The image is worth deconstructing a little. We’ve got measurement / accountability in the bar chart at the top. We’ve got inclusive collaboration in the handshake, insights with the electric bulb and an all-seeing eye, which I don’t think is meant to refer to data privacy issues. I’m not sure what the money icon is meant to represent, either, but perhaps I’m being obtuse. One thing is clear. The future of learning is on a screen banged down on a UK-centred globe. The event also guarantees no Zoom fatigue, and a refund is offered if you find the whole thing tedious. A General Ticket costs £160.00: thought leaders don’t come cheap.

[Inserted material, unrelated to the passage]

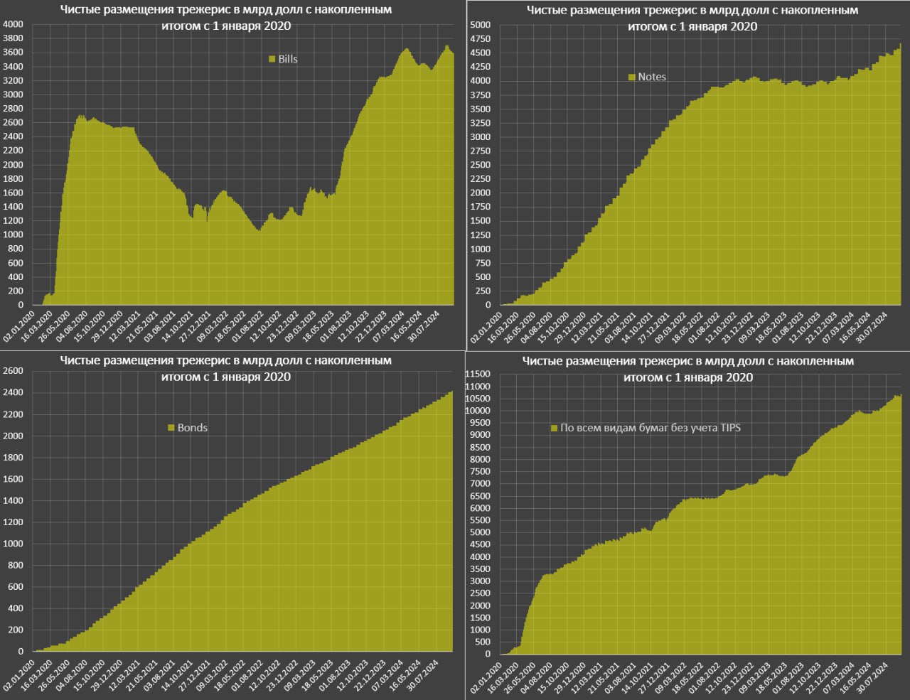 Прочие позиции (TIPS и FRN) собирались разместить на 97 млрд, а получилось 75 млрд. По векселям планировали нулевой баланс (минус 0.3 трлн в 2кв24 и плюс 0.3 трлн в 3кв23), а вышло сокращение на 58 млрд.

Thought leaders are interlopers in the world of education. They really belong in the discourse of business, as reflected in the webpage of Global Thought Leaders . The adjectives say it all: changing, efficient, financial, forward-thinking, sustainable, technological, transparent. Education, however, sits a little uneasily with some of these attributes, and, for that reason, I, personally, find it hard to use the term without irony.

You can check out the list of the World’s Top 30 Education Gurus for 2020 here and it includes some of the usual suspects: Salman Khan, Sugata Mitra, the late Ken Robinson, John Hattie and Dylan William. White men, mostly. For more specifically ELT thought leaders, perhaps we should let them stay anonymous. Guruism, as Paola Rebolledo has reminded us, can be detrimental to our professional health. ‘Become your own guru,’ she calls and I would add, ‘Become your own thought leader’.

You can do this by reading Ayn Rand and ‘Talk like TED’ by Carmine Gallo. You might consider an online course on ‘Becoming a Thought Leader’ (the price includes a shareable certificate) to help you develop a compelling message, build influence, maximize your visibility, and track your impact. Or save money and buy ‘The Thought Leadership Manual: How to Grab Your Clients ….’ (I’ll leave you to complete the title). Find your niche, but focus on tech, that’s my advice.

Happy new year!

Philip

Daub, A. (2020) What Tech Calls Thinking. New York: Farrar, Straus and Giroux.